You can try it yourself from bash if your current locale uses an
LC_CTYPE that's incompatible with 0xb5:
$ locale | grep LC_CTYPE
LC_CTYPE="en_US.utf8"
$ guile -c '(write (program-arguments)) (newline)' $'\xb5'
("guile" "?")
You end up with a question mark instead of the correct value. This
makes it difficult to write programs that don't risk silent corruption
unless all the relevant system data is known to be compatible with the
user's current locale.
It's perhaps worth noting, that while typically unlikely, any given
directory could contain paths in an arbitrary collection of encodings:
UTF-8, SHIFT-JIS, Latin-1, etc., and so if you really want to try to
handle them as strings (maybe you want to correctly upcase/downcase
them), you have to know (somehow) the encoding that applies to each one.
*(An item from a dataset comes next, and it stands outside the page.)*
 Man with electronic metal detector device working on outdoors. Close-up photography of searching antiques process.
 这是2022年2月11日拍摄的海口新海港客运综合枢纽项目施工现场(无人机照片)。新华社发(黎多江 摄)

Otherwise, in the limiting case, you can only assume "bytes".
* Improvements
At a minimum, I suggest Guile should produce an error by default
(instead of generating incorrect data) when the system bytes cannot be
encoded in the current locale.
There should also be some straightforward, thread-safe way to write code
that accesses and manipulates system data efficiently and without
corruption.
As an incremental step, and as has been discussed elsewhere a bit, we
might add support for uselocale()[2] and then document that the current
recommendation is to always use ISO-8859-1 (i.e. Latin-1)[3] for system
data unless you're certain your program doesn't need to be general
purpose (perhaps you're sure you only care about UTF-8 systems).
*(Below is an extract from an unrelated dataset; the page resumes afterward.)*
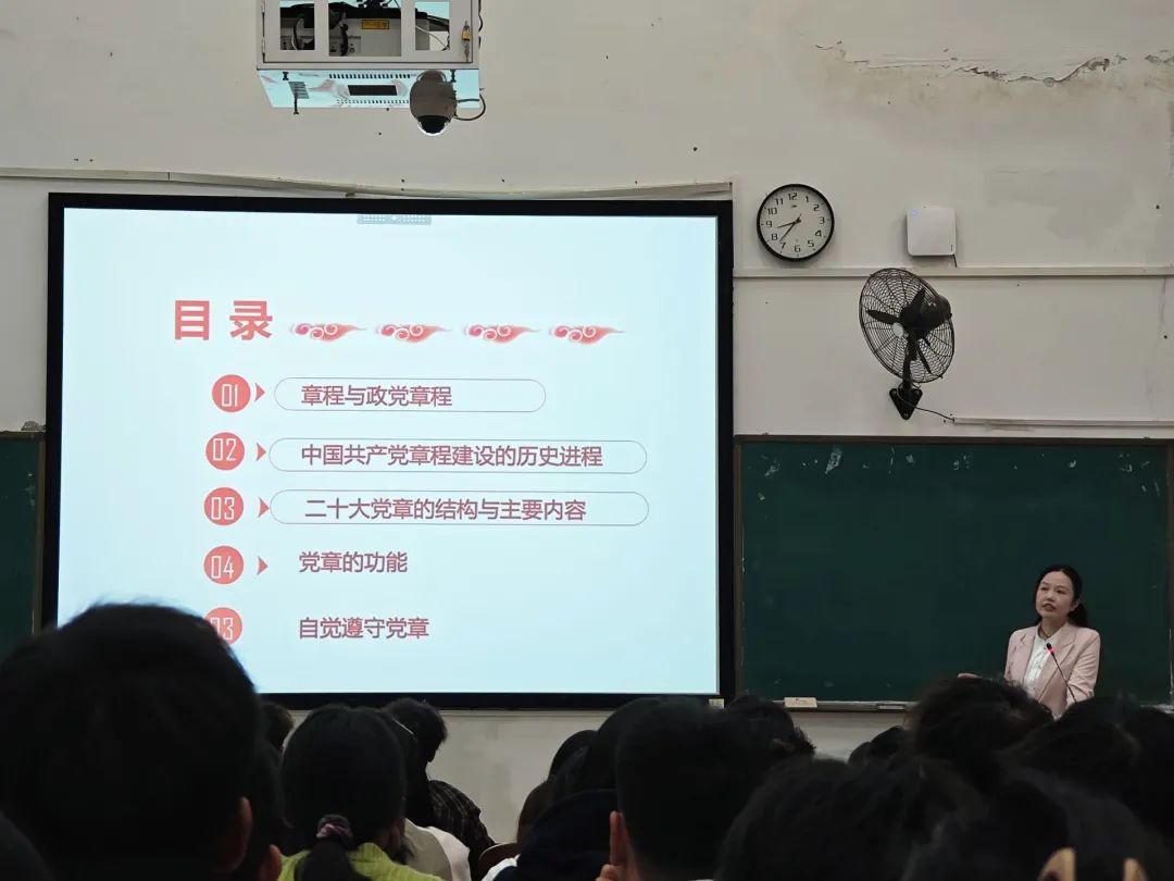 最后,唐艳委员强调自觉遵守党章的重要性,她鼓励大家在新征程上要深刻认识党章的地位和作用,深入思考党章的精神实质、核心要义,坚持对标看齐、学用结合,使党章的各项要求真正内化于心、外化于行,以实际行动向党组织靠拢。

A program intended to work everywhere might then do something like
this:
...
#:use-module ((guile locale)
#:select (iso-8859-1 with-locale))
...
(define (environment name)
(with-locale iso-8859-1 (getenv name)))
There are disadvantages to this approach, but it's a fairly easy
improvement.
Some potential disadvantages:
- In cases where the system data was actually UTF-8, non-ASCII
characters will be displayed "completely wrong", i.e. mapped to
"random" other characters according to the Latin-1 correspondences.
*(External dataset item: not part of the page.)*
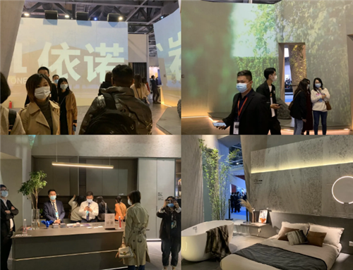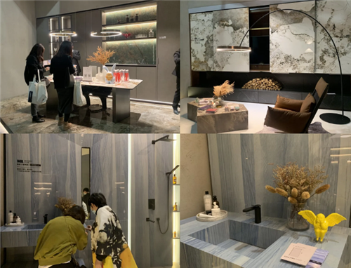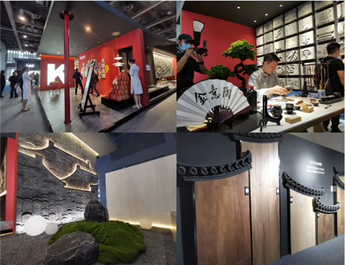 人人尽说江南好,江南神韵尽在KITO展馆。此次广州设计周金意陶继续发扬国风精神,将展馆打造成富有韵味的江南水乡。其展出的产品主要围绕着金意陶集团的“一核两翼”——瓷砖、岩板、新材。设计师将不同的材料进行组装复合,碰撞出不一样的呈现效果。金意陶瓷砖战略部部长郑岩表示:参展广州设计周并不是要把金意陶推给设计师,而是让设计师记住并选择金意陶,相信我们所做的努力都在往这个方向进步。

- You have to pay whatever cost is involved in switching locales, and
in encoding/decoding the bytes, even if you only care about the
bytes.
- If any manipulations of the string representing the system data end
up performing Unicode canonicalizations or normalizations, the data
could still be corrupted. I don't *think* Guile itself ever does
that implicitly.
- Less importantly, if we switch the internal string representation to
UTF-8 (proposed[4]), then non-ASCII bytes in the data will require
two bytes in memory.
The most direct (and compact, if we do convert to UTF-8) representation
would bytevectors, but then you would have a much more limited set of
operations available (i.e. strings have all of srfi-13, srfi-14, etc.)
unless we expanded them (likely re-using the existing code paths). Of
course you could still convert to Latin-1, perform the operation, and
convert back, but that's not ideal.
Finally, while I'm not sure how I feel about it, one notable precedent
is Python's "surrogateescape" approach[5], which shifts any unencodable
bytes into "lone Unicode surrogates", a process which can (and of course
must) be safely reversed before handing the data back to the system. It
has its own trade-offs/(security)-concerns, as mentioned in the PEP.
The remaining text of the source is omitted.